The market will test which path of realization will win in the end through a hundred schools of thought.

The ultimate goal of Fi is profit, and each project will realize profit through different forms (pled, borrowing, etc.).

In general, BTCFi needs to focus on security, enrich asset forms, explore multiple implementation paths, and introduce stablecoins, etc. The ultimate goal is to create benefits for users.

Does Merlin Chain have plans to partner with Tether or Circle to introduce native stablecoins?What are the main difficulties faced?

Jeff:Currently, since the BTC Layer 2 solution (mainly side chains) cannot provide absolute security guarantees, it is difficult to introduce compliant stablecoins.Although USDT, USDC, etc. can be bridged, user trust in the security of the bridging solution is key.

At the same time, BTC users do not have much actual demand for stablecoins, but are more trading at BTC-based.Therefore, due to technical trust issues in the short term, it is difficult to fully trust the current Layer 2. The introduction of stablecoins such as Tether and Circle is still a medium- and long-term goal.At present, it may focus on developing native projects based on BTC, including over-collateralized stablecoins, and moderately introduce USDT, USDC, etc. rather than large-scale introduction of compliant stablecoins.

What are the challenges and resistances faced in the development of BTCFi ecosystem?What obstacles will traditional asset management institutions or ETH asset management track projects face when joining?

Divine Fish:The biggest obstacle facing the BTCFi ecosystem is that the development speed of the BTCFi ecosystem is far behind the speed of industry application innovation, which is due to the slowness of Bitcoin’s underlying upgrade and iteration.The decentralized nature of Bitcoin determines that its upgrade requires broad consensus in the community, and the process is complex and long, which forms a sharp gap with the rapid iteration expected by entrepreneurs.Therefore, the BTCFi ecosystem will be more diversified and diversified in a long period of time, and various innovative attempts emerge one after another.
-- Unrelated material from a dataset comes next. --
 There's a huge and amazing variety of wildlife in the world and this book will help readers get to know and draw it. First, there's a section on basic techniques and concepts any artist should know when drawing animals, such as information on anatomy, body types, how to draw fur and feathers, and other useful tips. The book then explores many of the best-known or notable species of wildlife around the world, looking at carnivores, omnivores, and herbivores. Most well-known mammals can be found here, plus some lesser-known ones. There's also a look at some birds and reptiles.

Bitcoin lacks official support and unity like Ethereum, which leads to a more diversified and diversified BTCFi ecosystem, and projects face greater challenges when balancing their balance sheets.However, this also brings some unique advantages to the BTCFi ecosystem.For example, the underlying Bitcoin adopts mechanisms such as multi-signature and MPC, which can provide more detailed permission separation and asset monitoring capabilities for large users and institutional users, with relatively lower risks and attractive to large users and institutional users.

Ryan:From a regulatory perspective, Ethereum outlines the “red line” and “green line” for the development of BTCFi, providing a reference for the latter.At present, infrastructure such as Bitcoin L2, sidechain and Lightning Network have not yet caused obvious regulatory issues.
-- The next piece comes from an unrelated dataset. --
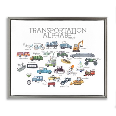 Stupell Industries Outer Space Educational Alphabet Kids Learning Chart Floating Frame Canvas Art, Gray, 21" x 17"

In terms of asset custody, whether Bitcoin or Ethereum is concerned, certain compliance requirements need to be met, because it involves the transfer of asset ownership.
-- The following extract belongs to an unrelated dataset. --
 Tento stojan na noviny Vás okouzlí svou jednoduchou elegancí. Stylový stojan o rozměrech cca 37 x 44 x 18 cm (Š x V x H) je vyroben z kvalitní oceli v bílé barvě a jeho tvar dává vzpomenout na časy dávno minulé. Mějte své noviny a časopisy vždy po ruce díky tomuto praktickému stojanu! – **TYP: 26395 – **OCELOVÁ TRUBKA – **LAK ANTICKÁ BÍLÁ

In the field of asset interest generation, Bitcoin has an advantage.Since Bitcoin is clearly defined as a commodity, the relevant interest generation and management regulations are theoretically more relaxed.Whether Ethereum staking belongs to securities is still being discussed, and there is a gray area.Currently, Ethereum staking does not require KYC and anti-money laundering measures, but some exchanges are warned by the SEC when providing related products, indicating that there is uncertainty.In the Bitcoin resurgence track, some products have not fully considered regulatory compliance, but have not yet caused major regulatory issues, indicating that this field is still in a gray area.However, Bitcoin interest-generating products often need to operate in compliance due to their asset attributes.For example, some products on Solv require KYC to circumvent regulatory risks.Through DeFi and decentralized exchanges, retail investors without KYC can also participate in these products.

The previous round of Bitcoin growth was user education and expansion driven by L2 layer, and the next stage of asset interest generation may become a new growth driver.In this process, compliance issues still need to be paid attention to.